The creative capabilities of Stable Diffusion or GPT-4 are well known. However, they lack the consistency for complex stories. SHOW-1 aims to change that.
The AI company Fable Studio has combined several models into a new model called SHOW-1. It is capable of generating several coherent episodes of a series.
They prove that their concept works with a 22-minute episode of “South Park” that, surprisingly, is about the impact of AI on the entertainment industry.
To get started, the model only needs a title, synopsis, and main events
Creating a complete South Park episode is a complex process. The storytelling system is started with an abstract-level idea, usually in the form of a title, synopsis, and major events that should take place within a simulated week (about three hours of play).

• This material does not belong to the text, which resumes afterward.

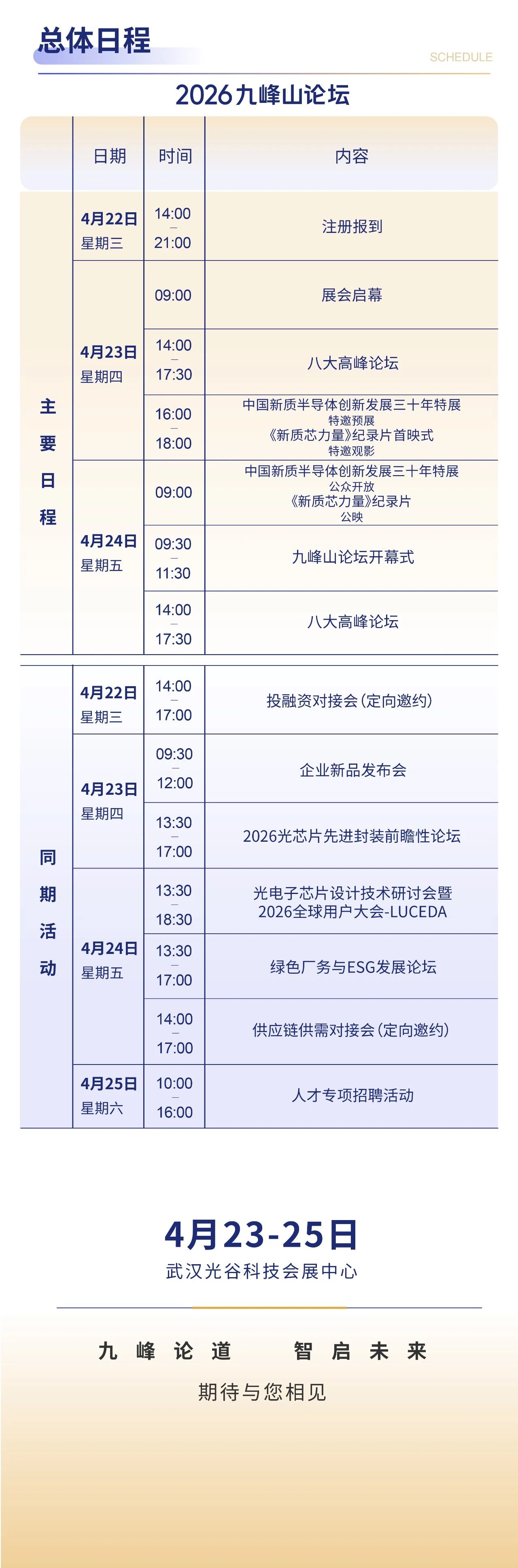 4月23日,武汉见!九峰山论坛2026展会启幕! 作者: 爱集微 2小时前 相关舆情 AI解读 生成海报 来源:九峰山论坛 #九峰山论坛# #半导体# 评论 收藏 点赞 2517 点击或扫码进行观众登记 责编: 爱集微 来源:九峰山论坛 #九峰山论坛# #半导体# 收藏 点赞 分享至: 微信扫一扫分享 THE END 相关推荐 3000万美元!无锡锡山签约高纯半导体材料项目,计划8月开工 拓芯章·见未来|拓荆科技SEMICON China 2026新品发布会圆满落幕 持续产品多维度创新迭代 新款TOPSwitchGaN IC将输出功率提升一倍以上,同时降低系统成本、简化系统结构并缩短设计周期 青禾晶元完成约5亿元战略融资,中微公司领投,加速键合集成技术产业落地与规模化发展 悦芯科技完成超12亿元pre-IPO轮融资,系半导体测试设备商 特朗普拟设立4万亿美元全球半导体投资基金,美政府仅出资2.5亿美元 +关注 爱集微 微信: 邮箱:laoyaoba@gmail.com 12.8w文章总数 12012.5w总浏览量 最近发布 恩智浦第三代雷达收发器助力高性能成像雷达规模量产,赋能L2+至L4级自动驾驶 58分钟前 再获国家级最高认证!荣成歌尔通过CMMM L4级认证 1小时前 泰凌真8K方案刷新低时延交互体验,Sidewalk解决方案拓展物联边界 1小时前 小而强大,全面出彩,一加15T搭载第五代骁龙8至尊版拓展小屏旗舰体验边界 1小时前 全球首条搭载无FMM技术第8.6代AMOLED生产线举行清扫仪式 1小时前 获取更多内容 最新资讯 从单品冠军到平台化先行者:盛美上海“八大行星”系列亮相SEMICON China 2026 5小时前 恩智浦第三代雷达收发器助力高性能成像雷达规模量产,赋能L2+至L4级自动驾驶 58分钟前 再获国家级最高认证!荣成歌尔通过CMMM L4级认证 1小时前 泰凌真8K方案刷新低时延交互体验,Sidewalk解决方案拓展物联边界 1小时前 小而强大,全面出彩,一加15T搭载第五代骁龙8至尊版拓展小屏旗舰体验边界 1小时前 雷军晒成绩:小米SU7、YU7双双第一! 1小时前

Generating a single scene can take a “significant amount of time”, up to a minute.
- The system automatically generates up to 14 scenes based on simulation data.
- A showrunner system organizes the cast of characters and shapes the plot according to a predetermined pattern.
- Each scene is assigned a plot letter (ABC) that is used to switch between different groups of characters.
- Each scene defines location, characters, and dialogue.
- After the initial setup of the staging and AI camera system, the scene plays according to the plot pattern.
- The characters’ voices were pre-trained and voice clips were generated in real-time for each new line.
Fable Studio’s work is based on another research paper, “Generative Agents,” published in April by Stanford and Google scientists. In it, they simulated a virtual city and observed how many defaults the so-called agents – the inhabitants – needed to follow a realistic daily routine and interact with each other.
GPT-4, custom diffusion models, and cloned voices
Among other things, SHOW-1 uses OpenAI’s GPT-4 to influence the agents in the simulation and to generate the scenes for the South Park episodes.
Because transcripts of most South Park episodes are part of GPT-4’s training data set, it already has a good understanding of the show’s character personalities, speaking styles, and general humor, according to Fable Studio. This dramatic fingerprint is important for the consistency of a show, the team says.
Prompt chaining, or the linking of multiple prompts, provides another foundation. Deepmind’s Dramatron, which writes scripts for film and television, also uses this technique.
In the case of SHOW-1, GPT-4 acts as its own discriminator for answers, similar to the concept of Auto-GPT. But generating a story is a “highly discontinuous task” and requires some “eureka” thinking, according to the team.
For the visualization, the developers used a dataset of about 1,200 characters and 600 backgrounds. They used DreamBooth to train two specialized Stable Diffusion models: one to generate individual characters against a monochrome background, and one for the backgrounds themselves, so that they could be assembled in a modular fashion.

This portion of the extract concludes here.